■ **Exercise details**:
Taking the data below, please print only the lines from the line holding "(3)直接控制電動機用轉換開關主要有1~6節。" to the line holding "A confident woman", inclusive, with pictures omitted.

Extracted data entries
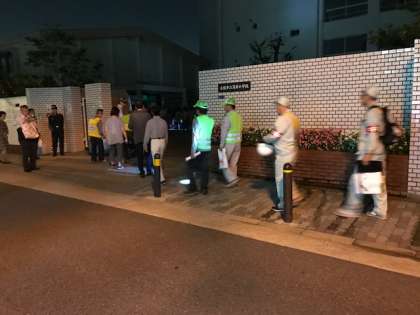 午後8時にスタートし、それぞれの町会ごとに湯里小学校に集まり、かまどベンチや防災倉庫、災害時に割り当てられている教室等を確認し、最後に多目的室に集まり、総括をするという流れでした。
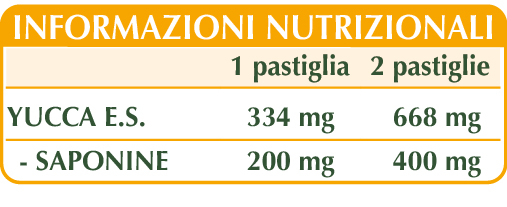 Yucca du Mojave (Yucca schidigera) hierba E.S. (standardisé à 60% en saponines), cellulose microcristalline°, gomme arabique°, dioxyde de silicium°°, stéarate de magnésium d'origine végétale°°.
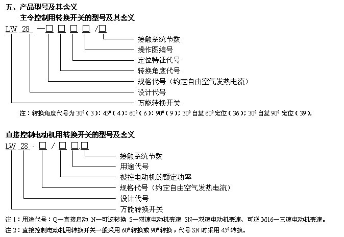 (3)直接控制電動機用轉換開關主要有1~6節。
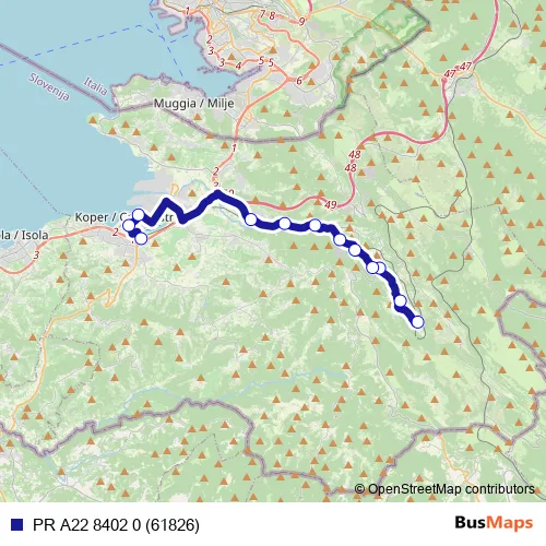 The first stop of the PR A22 8402 0 (61826) bus route is Dol pri Hrastovljah and the last stop is Koper. PR A22 8402 0 (61826) (PR A22 8402 0 (61826)) is operational during on weekdays.
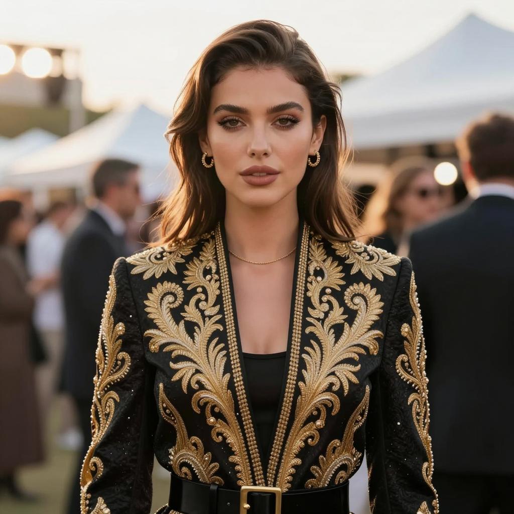 A confident woman poses in designer clothing at a fashion festival, showcasing a luxurious black jacket with intricate gold embroidery. The warm backlight highlights her styled hair and elegant accessories, capturing the essence of sophisticated fashion in a vibrant outdoor setting.
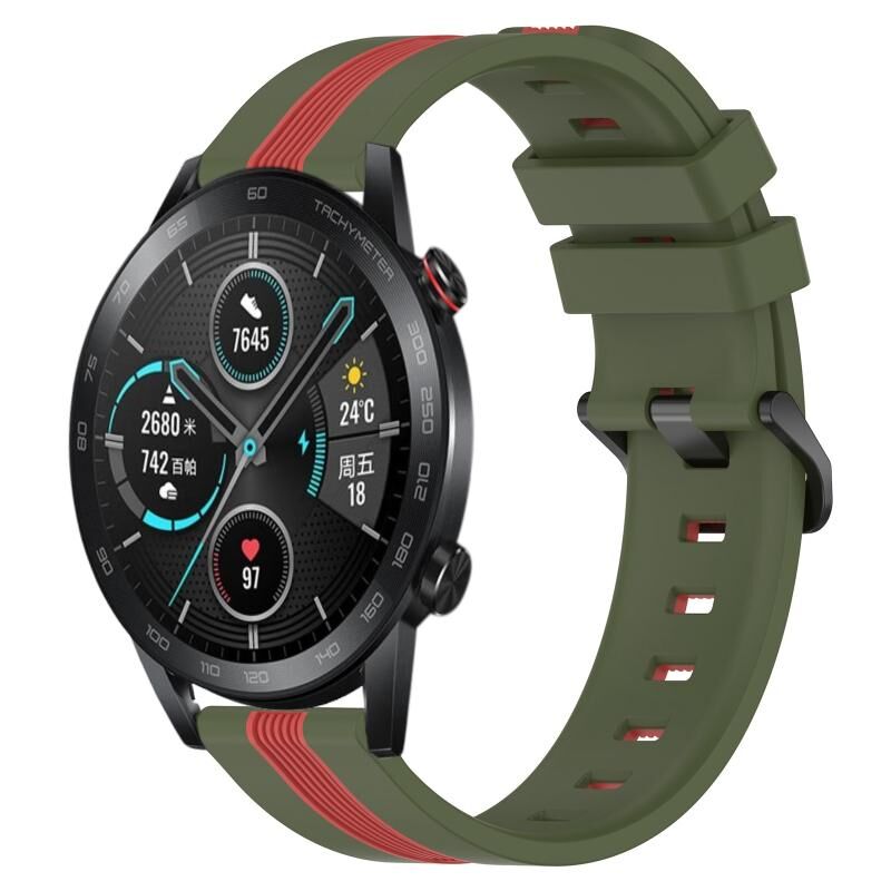 Για το Honor Magic Watch 2 46mm 22mm Κάθετη ζώνη ρολογιού σιλικόνης δύο χρωμάτων (πράσινο στρατού + κόκκινο)
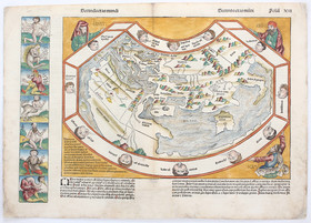 "Secunda etas mundi" (Kopftitel). Karte der Alten Welt, umgeben von Bordüre mit den antiken Windgöttern; in 3 Ecken Abb. von Sem, Cham und Japhet. Links neben der Karte Leiste mit 7 kl. Holzschnittfiguren, rückseitig weitere 14 ähnliche Darstellungen. Kol. Holzschnitt (aus der Schedel'schen Weltchronik, latein. Ausg., 1493). 31:44 cm; auf dem vollen Doppelblatt.
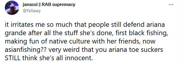 更有人指责A妹有“Asian Fishing”的嫌疑。“Asian fishing”一词是指没有经历过亚裔被压迫的阶级痛苦,却在外表上打扮成亚裔获利或取得关注的行为。
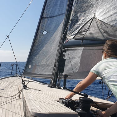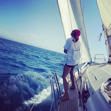 Fondatrice de 42°Nord, Karine navigue sur les différentes mers du globe et vous propose ses services pour du convoyage comme de l'accompagnement maritime. Skipper professionnelle et monitrice de voile, elle s’occupe de toute la partie navigation et entretien des bateaux.
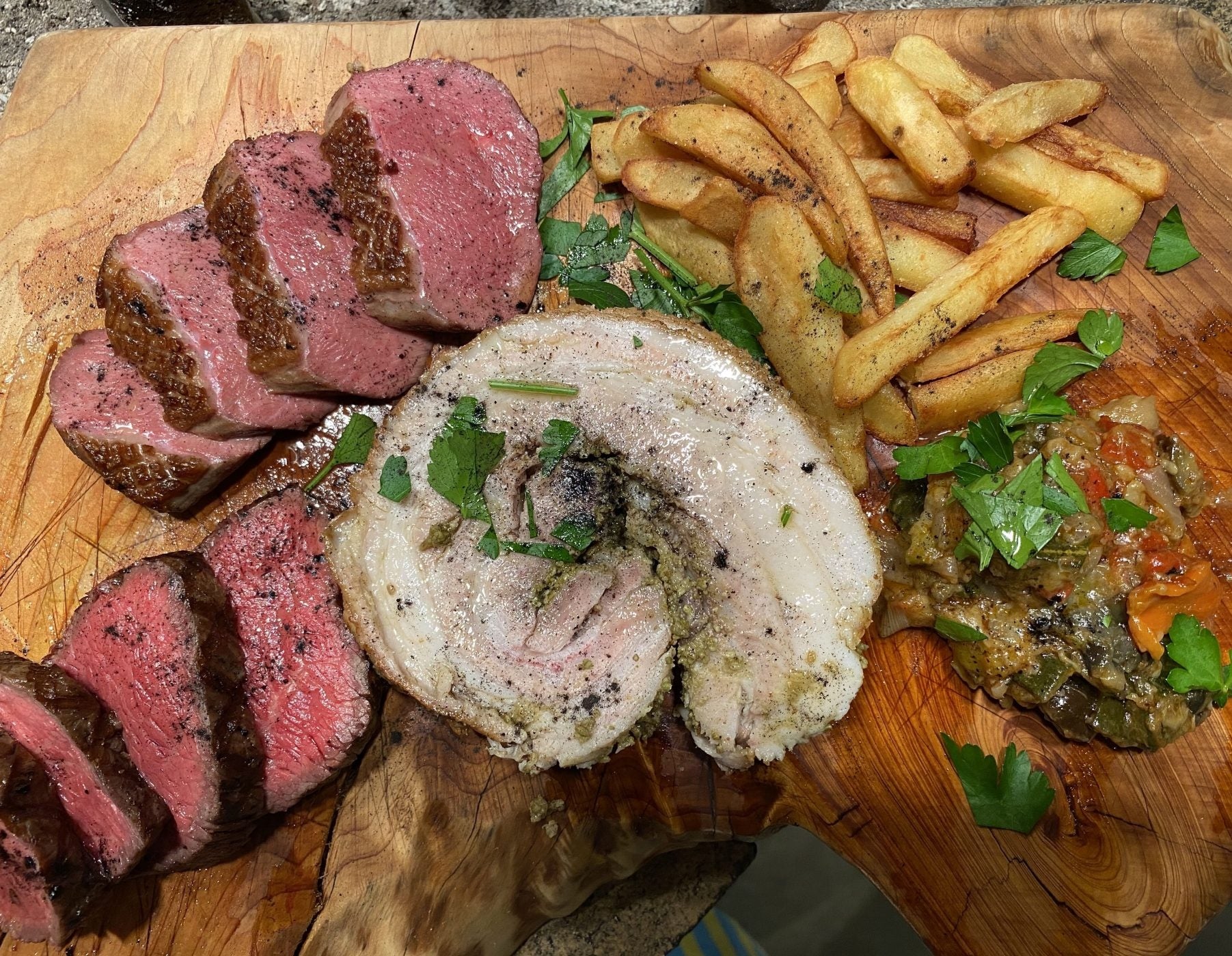 季節の前菜は魚介や野菜を中心に構成し、メインには熟成肉やポルケッタ、冬にはジビエも登場。

■ **Solution for this task**:
 (3)直接控制電動機用轉換開關主要有1~6節。
 The first stop of the PR A22 8402 0 (61826) bus route is Dol pri Hrastovljah and the last stop is Koper. PR A22 8402 0 (61826) (PR A22 8402 0 (61826)) is operational during on weekdays.
 A confident woman poses in designer clothing at a fashion festival, showcasing a luxurious black jacket with intricate gold embroidery. The warm backlight highlights her styled hair and elegant accessories, capturing the essence of sophisticated fashion in a vibrant outdoor setting.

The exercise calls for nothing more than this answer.